12-Step Program for DM Job Seekers

Today’s direct marketing executives fortunate enough to find themselves looking to hire face a quandary: so little time and so many candidates. The myriad resumes of mid-level acquisition and retention professionals can be dizzying in their volume and similarity.

The rules have changed. Knowing the fundamentals of direct marketing is no longer enough to give a candidate a competitive edge. In this new world of integrated media, what are online and offline executives looking for in their direct marketing people — in terms of professional skill set and personal attributes?

Reports from the field say a candidate with a resume boasting high response rates does not carry quite the same influence it once did. In the eyes of the folks doing the hiring, candidates need to have a host of strengths to succeed in this rapidly changing economy.

Here’s a 12-step program to aid the marketing manager or director in his quest to land that plum job with a company positioned to be a category killer in no time flat.

1. Do not wait until you need to make a change to consider making one.
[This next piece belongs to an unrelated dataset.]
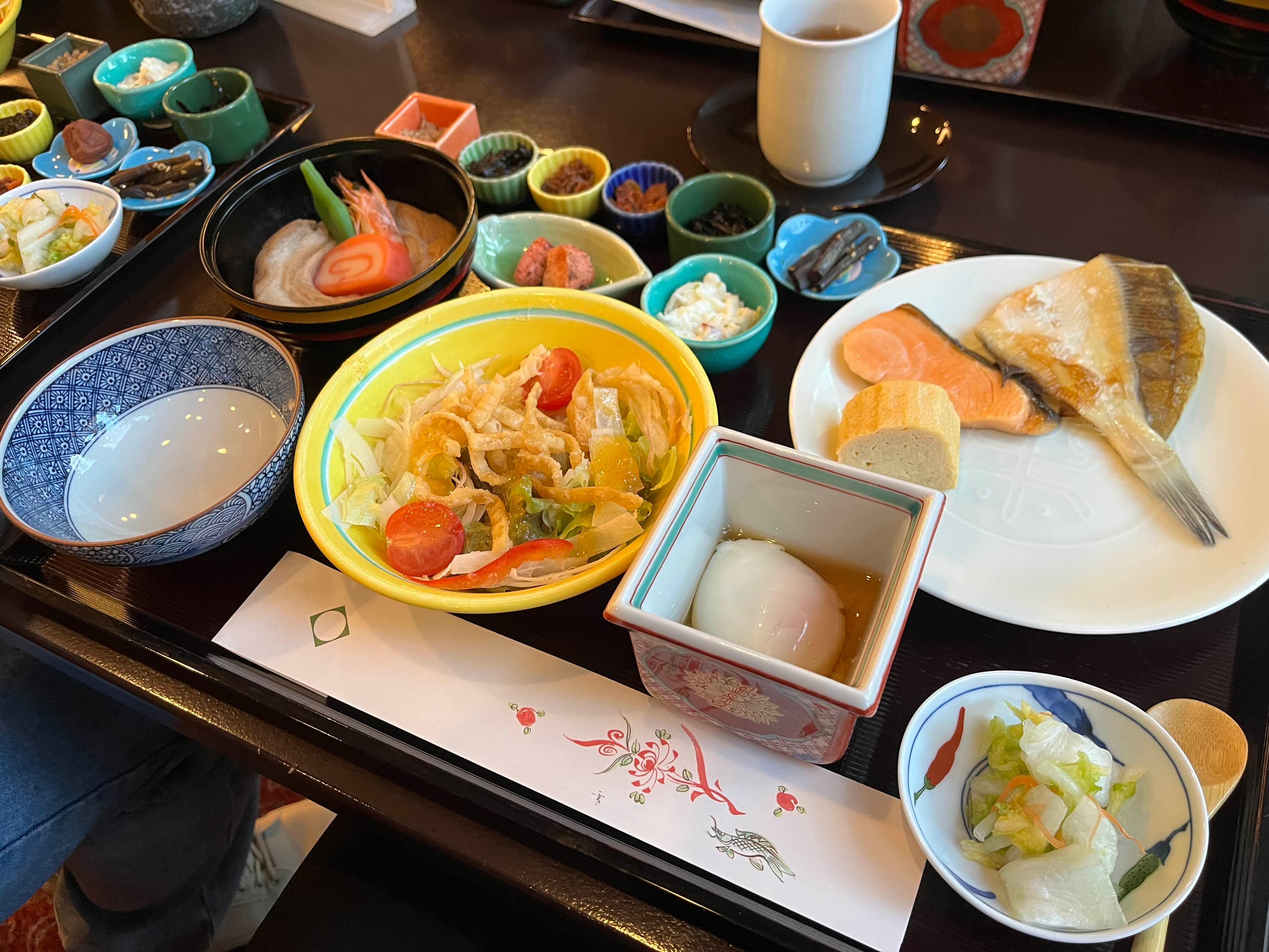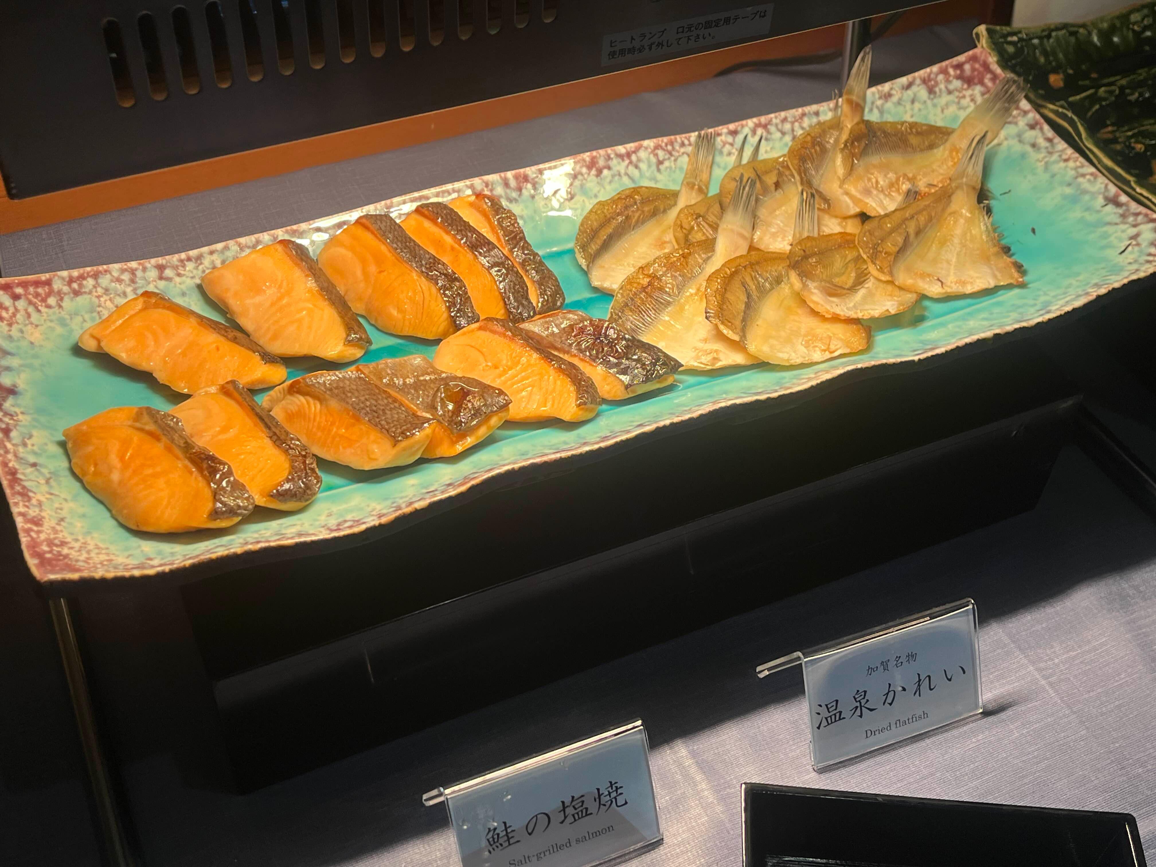 카가현 명물 온천 가자미 외 계절 생선구이(연어 나옴!), 계란요리(계란말이와 온센다마고;수란),

Play from a position of strength. It is no longer taboo to be unemployed while looking, but executives will be impressed that you had the foresight to analyze the future and initiate change.

2. No need to review the basics of an effective resume, but to set yourself apart from the competition, pepper the document when possible with specific achievements, your versatility within the direct marketing discipline and exposure to top management.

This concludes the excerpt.